ECONOMICS provides us with a really big insight into how the world works: people respond to changes in incentives. A great deal of public policy is based on this principle. Want fewer people to drive into Central London? Introduce a congestion charge and make it more expensive. It works.
In practice, of course, estimating exactly how much any given change in a particular incentive alters behaviour can be a difficult problem. Indeed, changing incentives can sometimes have unforeseen consequences, which may appear perverse.
A couple of months ago, a school in Milton Keynes proposed to fine parents £60 if their child was late more than 10 times in a term. We do not yet know how this has worked out, but a similar scheme in a day care centre in Israel seemed to backfire. After the fine had been introduced, there was a rise, not a fall, in the number of parents delivering their children late. People now knew the price of being late – the fine. They could then make judgements as to the value of the effort required to arrive on time compared to being tardy. Previously, they had only incurred the displeasure of the teacher.
A recent book by the Harvard political philosopher Michael Sandel cites this as an example of the intrinsic limits to the use of markets. Social norms, not incentives, matter. His book has metropolitan liberals both here and in the US gurgling with pleasure.
But the problem essentially arose not because of the limitations of markets, but because there were too few of them. Without a market, disapproval could not be priced transparently. Parents just had to guess what this was worth, and on average they clearly placed a higher price on it than the level of the fine set by the school. The school was also at fault for not increasing the fine by trial and error steps until it started to do its intended job.

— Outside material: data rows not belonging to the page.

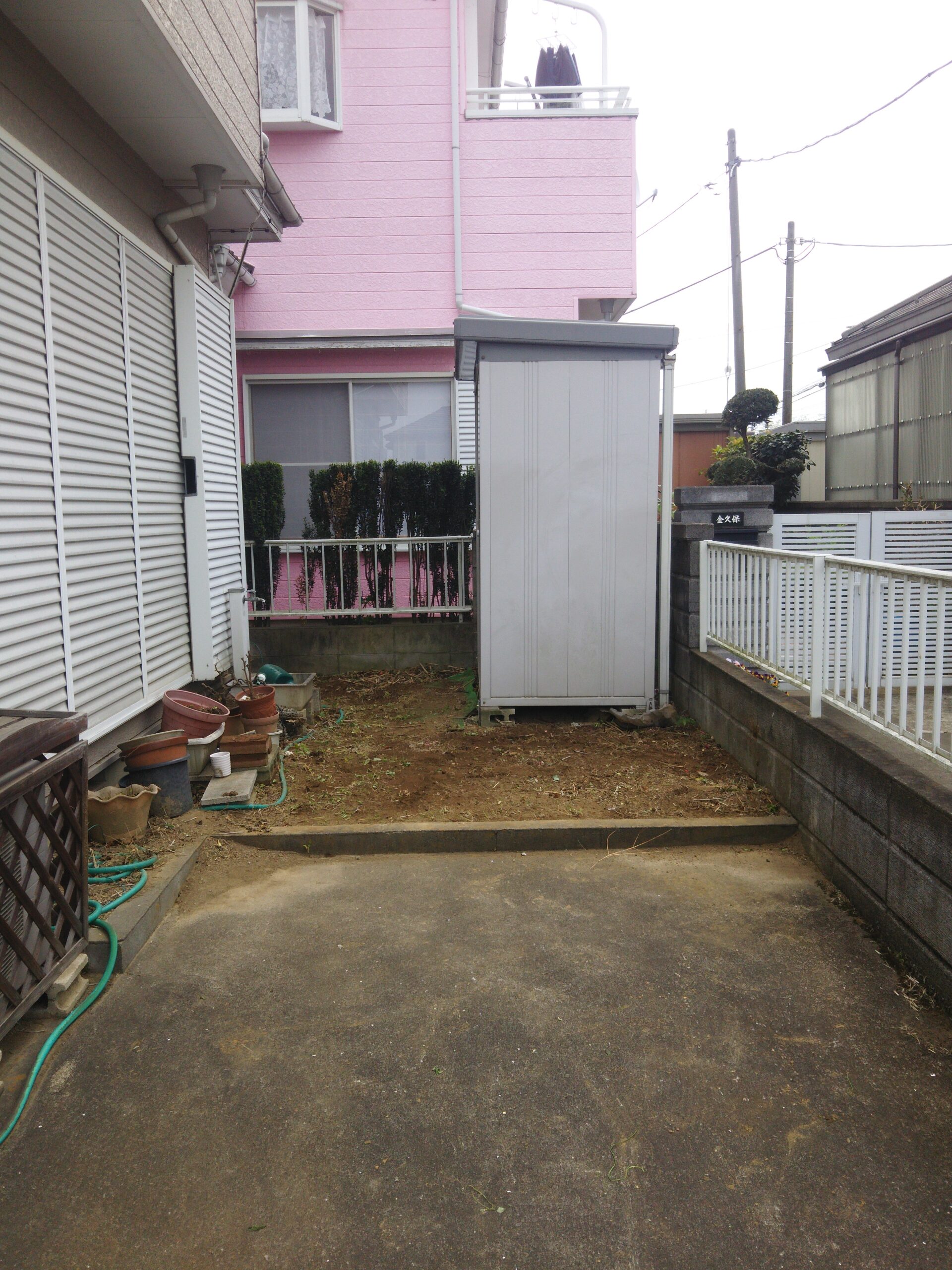 お庭の壁の際に植えていた植木を伐根いたしました。
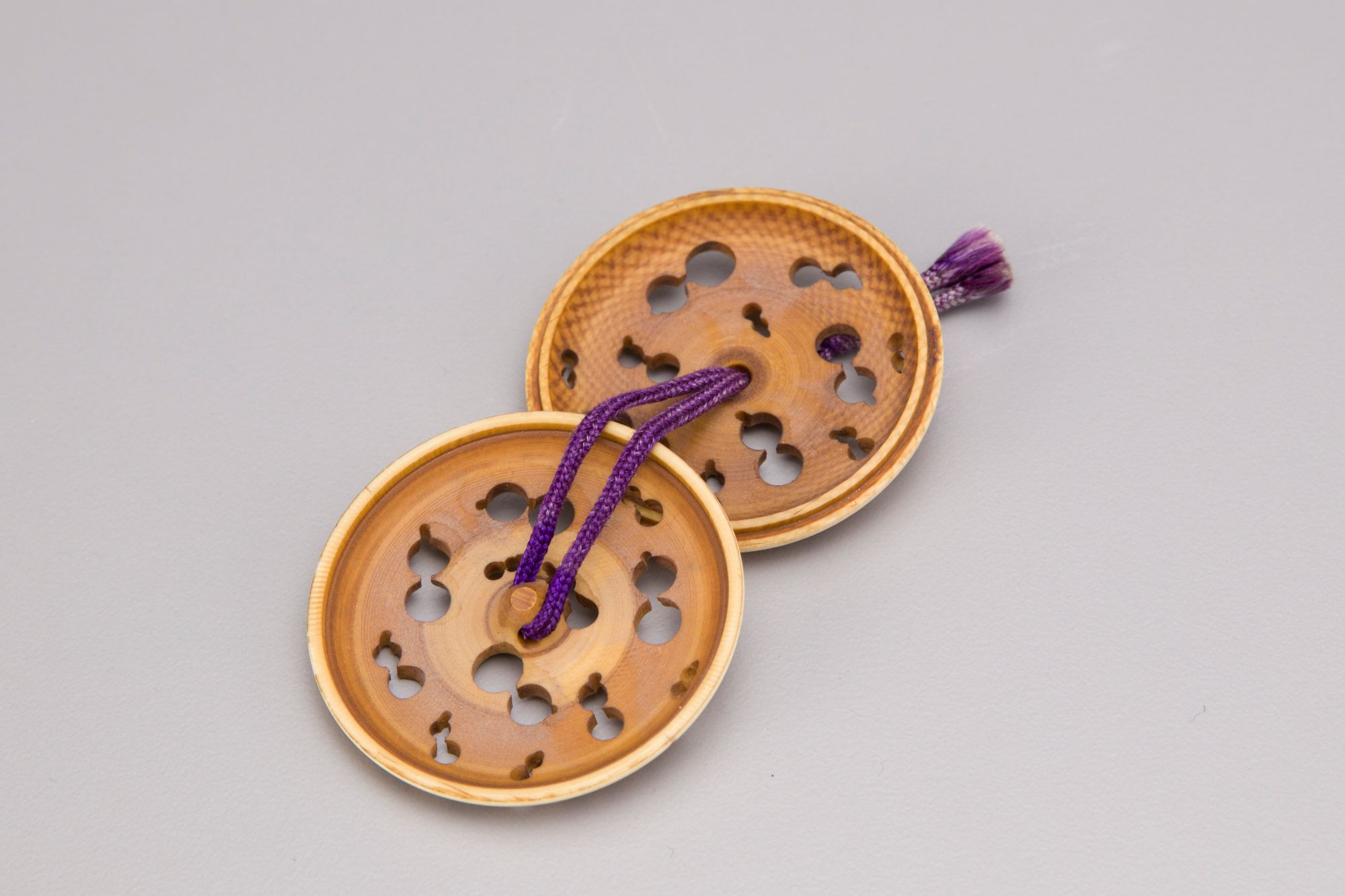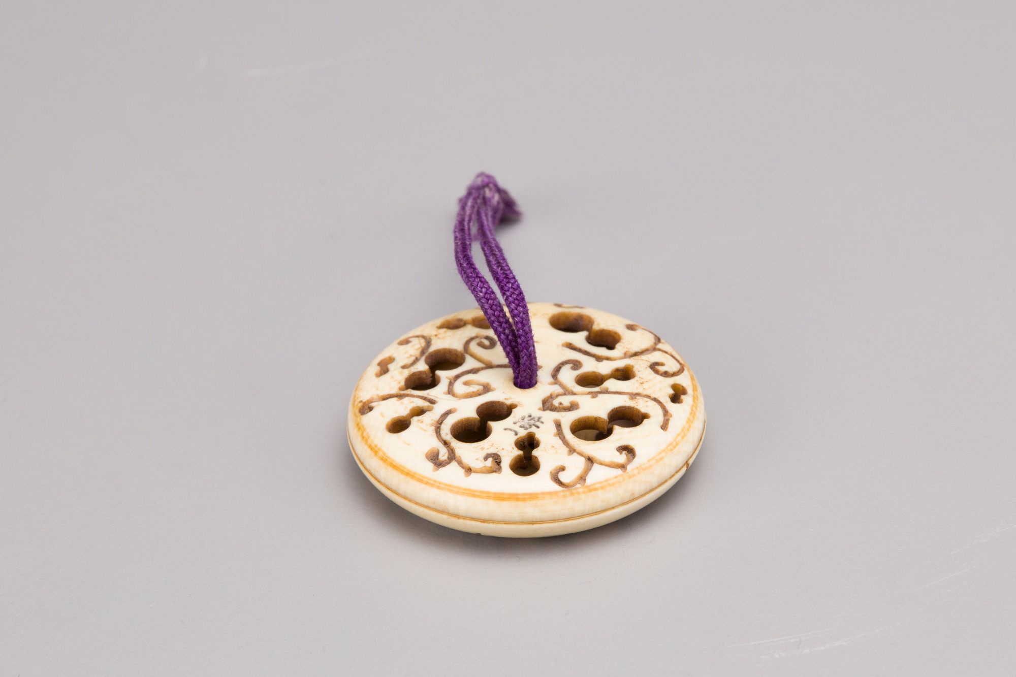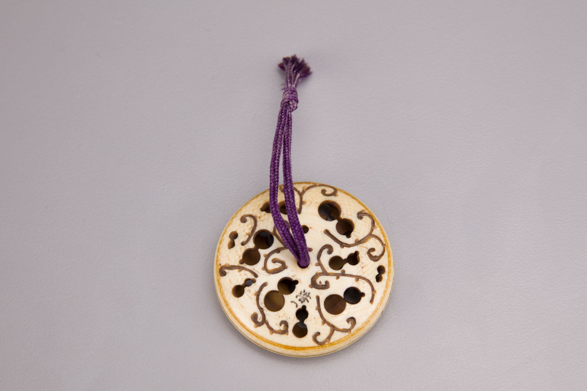 Finely carved with openwork shaped like double gourds. 4.6 cm.
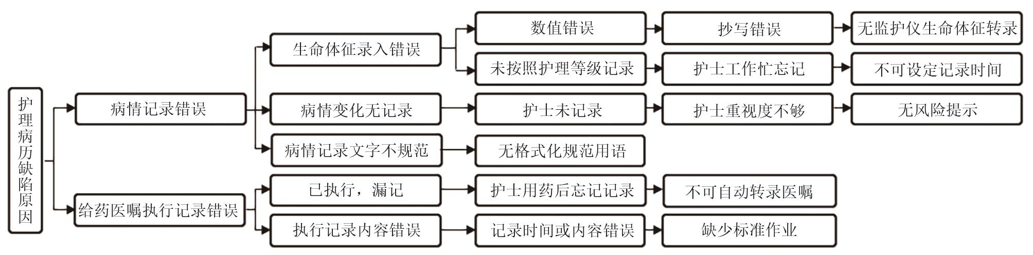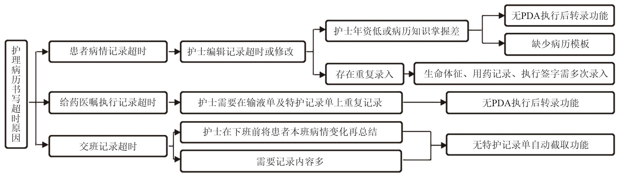 2.病历缺陷原因分析:运用5WHY法分析对照组护理病历缺陷及病历书写超时的根本原因,具体结果见图1,2。护理病历缺陷原因包括病情记录错误和给药医嘱执行记录错误。其根本原因为无监护仪生命体征转录、不可设定记录时间、无风险提示、无格式化规范用语、不可自动转录医嘱、缺少标准作业。护理病历书写超时的根本原因有无个人数字助理(personal digital assistant,PDA)执行后转录功能,缺少病历模板,生命体征、用药记录、执行签字需多次录入,无特护记录单自动截取功能。
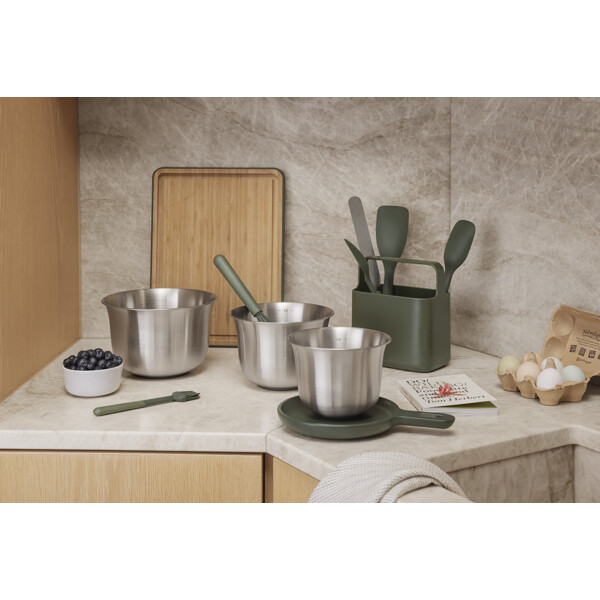 Verwenden Sie die Rührschüssel zum Mischen, Wenden, Kneten oder Aufbewahren von Lebensmitteln. Die Schüssel besteht zu 90 Prozent aus recyceltem Edelstahl aus Verbraucherabfällen, was sie langlebig und widerstandsfähig gegen Stöße, Kratzer und Dellen macht. Sie hält Handmixern, Schneebesen und anderen Metallwerkzeugen problemlos stand. Ein Gummiring am Boden sorgt dafür, dass die Schüssel fest auf der Arbeitsfläche steht. Mit ihrem abgerundeten Boden und den hohen Rändern ist die Schüssel perfekt zum Schlagen geeignet, und ihre Fähigkeit, sowohl hohen als auch niedrigen Temperaturen zu widerstehen, macht sie ideal für Wasserbäder und das Abkühlen von Zutaten. Edelstahl reagiert nicht mit sauren oder basischen Lebensmitteln, was die Schüssel optimal zur Aufbewahrung von Lebensmitteln macht. Innere Maßmarkierungen erleichtern das Abmessen von Zutaten direkt in der Schüssel, die zudem stapelbar ist, um Platz im Kühlschrank zu sparen, und spülmaschinenfest ist.
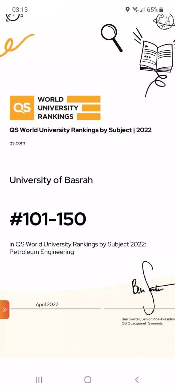 The latest version of the QS of subject 2022 ranking showed that the University of Basrah is one of the best universities in the world according to the latest version of the ranking of the most consulted universities in the world, and the best performance of the University of Basrah was in petroleum engineering.
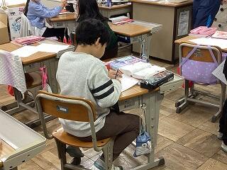 2時間目と3時間目の間の休み時間に、避難訓練が行われました。大規模な訓練ではないけれども短時間ですぐにできることから、ワンポイント避難訓練と言ったりもします。地震はいつ起きるかわかりません。教室に全員いるときとは限りません。とっさに自分の身を守る行動がとれることが重要です。たまには、外出している際に地震に遭ったらどうするかを考えて行動するシミュレーションをしておくことも必要かもしれません。
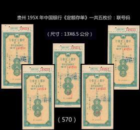 贵州省中国195X年中国银行《定额存单》五枚联号码:(17-18)--570。
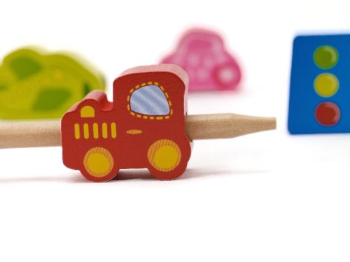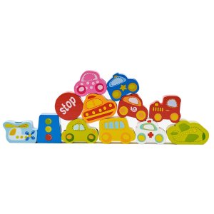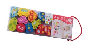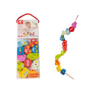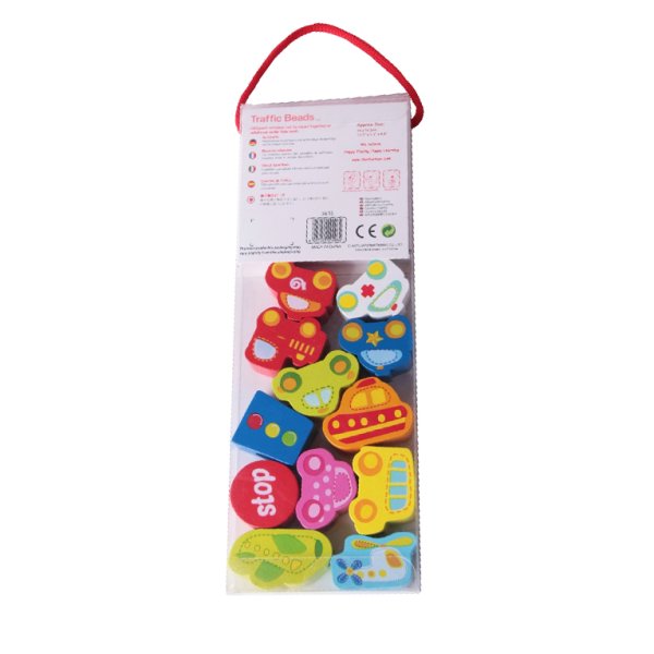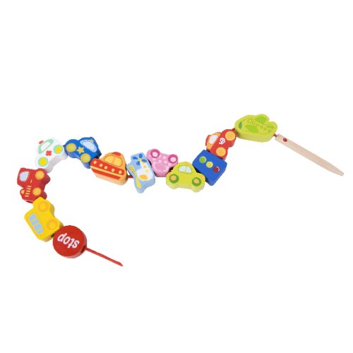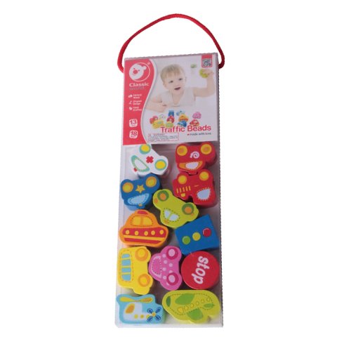 Barevná navlékačka s motivy autíček, letadel a semaforů potěší každého malého fanouška dopravy. Dřevěné dílky se snadno navlékají na šňůrku díky velkým otvorům a pomáhají dětem rozvíjet jemnou motoriku, trpělivost a představivost. Sada obsahuje 13 veselých tvarů, které lze využít i k poznávání barev nebo při hraní na dopravu. Rozměr balení 9,5 × 26 cm Vhodné pro děti od 18 měsíců.
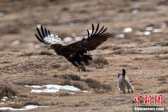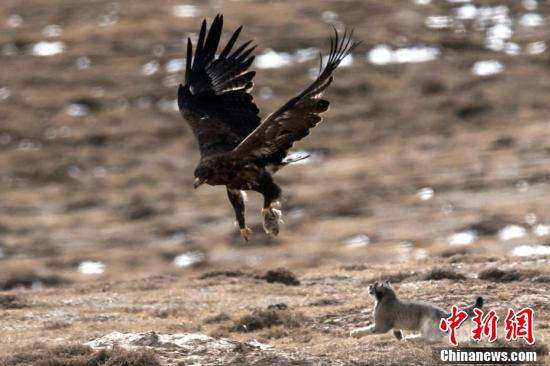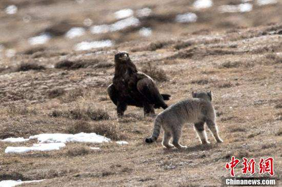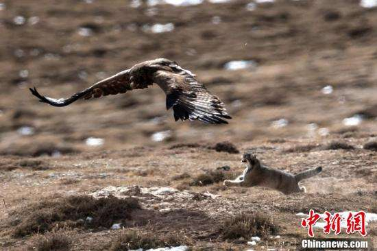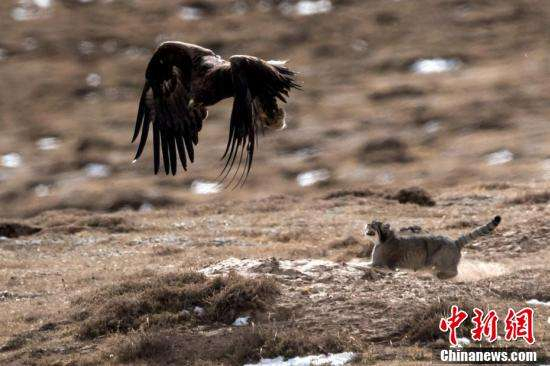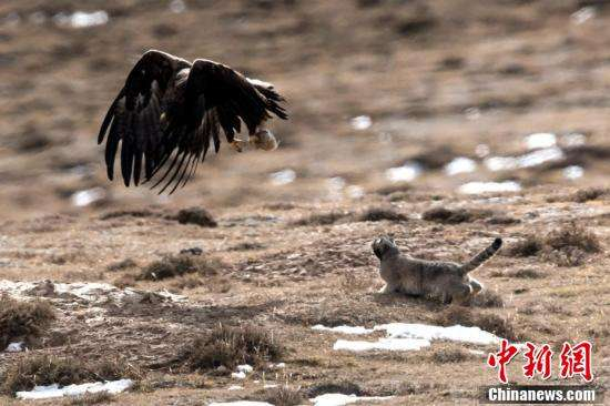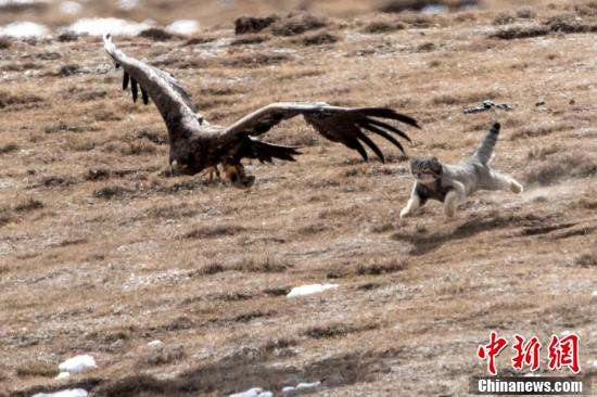 ↑兔狲被草原雕“打劫”画面。 徐永春 摄
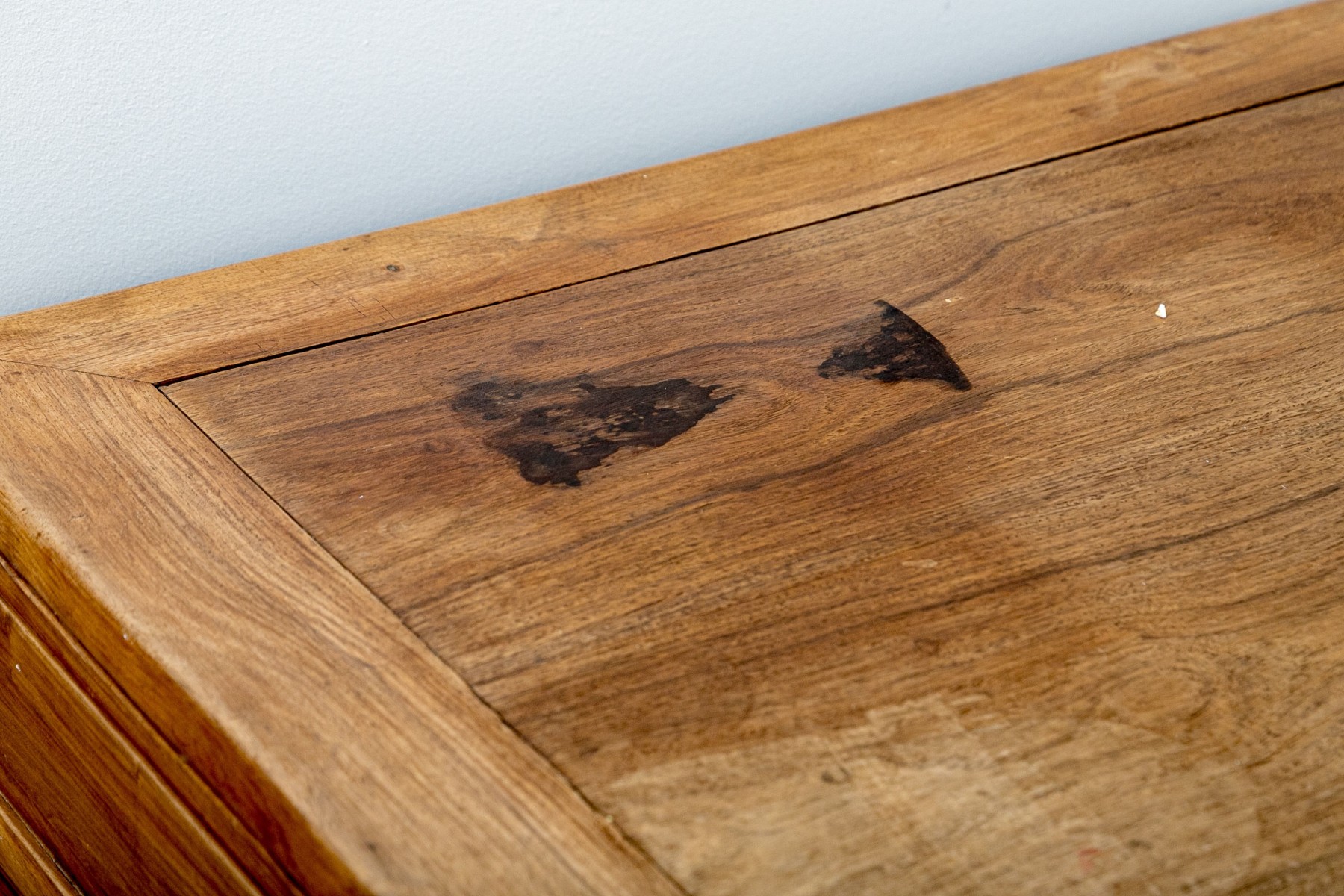 Presents well overall with wear commensurate with age, most notably fading and finish wear to the top and a spot of wood damage to the central panel stretcher near the upper left quadrant.
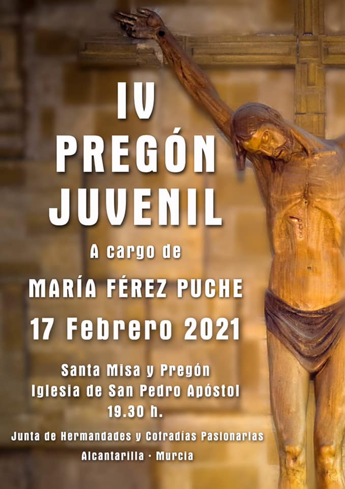 Este año se celebrará el IV Pregón Juvenil, el cual correrá a cargo de María Férez Puche, el cual tendrá lugar el Miércoles de Ceniza tras la Santa Misa de las 19:30h en San Pedro Apóstol.

More challenging is a study carried out by the Framework Institute in America on public attitudes towards global warming. How to Talk About Global Warming reported that substantial numbers of people, when faced with how they respond to more extreme weather, chose to buy a SUV to help them cope, rather than to support increases in fuel-efficiency standards.
The instinctive response of a regulator to this finding would be to say that these individuals only had access to incomplete information. With more and better information, they would then respond to incentives so that they made the “correct” choice. But more information does not necessarily help. Al Gore’s 2006 film about global warming An Inconvenient Truth received enormous publicity. But the number of Americans telling Gallup that the media was exaggerating global warming has grown from 34 per cent then to 42 per cent today.
A popular policy for avoiding a financial crisis is to restrict bankers’ bonuses, giving them different incentives. It may work. But understanding exactly how incentives operate in practice does not always have a pat solution.
Paul Ormerod is an economist at Volterra Partners, a visiting professor at the UCL Centre for Decision Making Uncertainty, and author of Why Most Things Fail: Economics, Evolution and Extinction.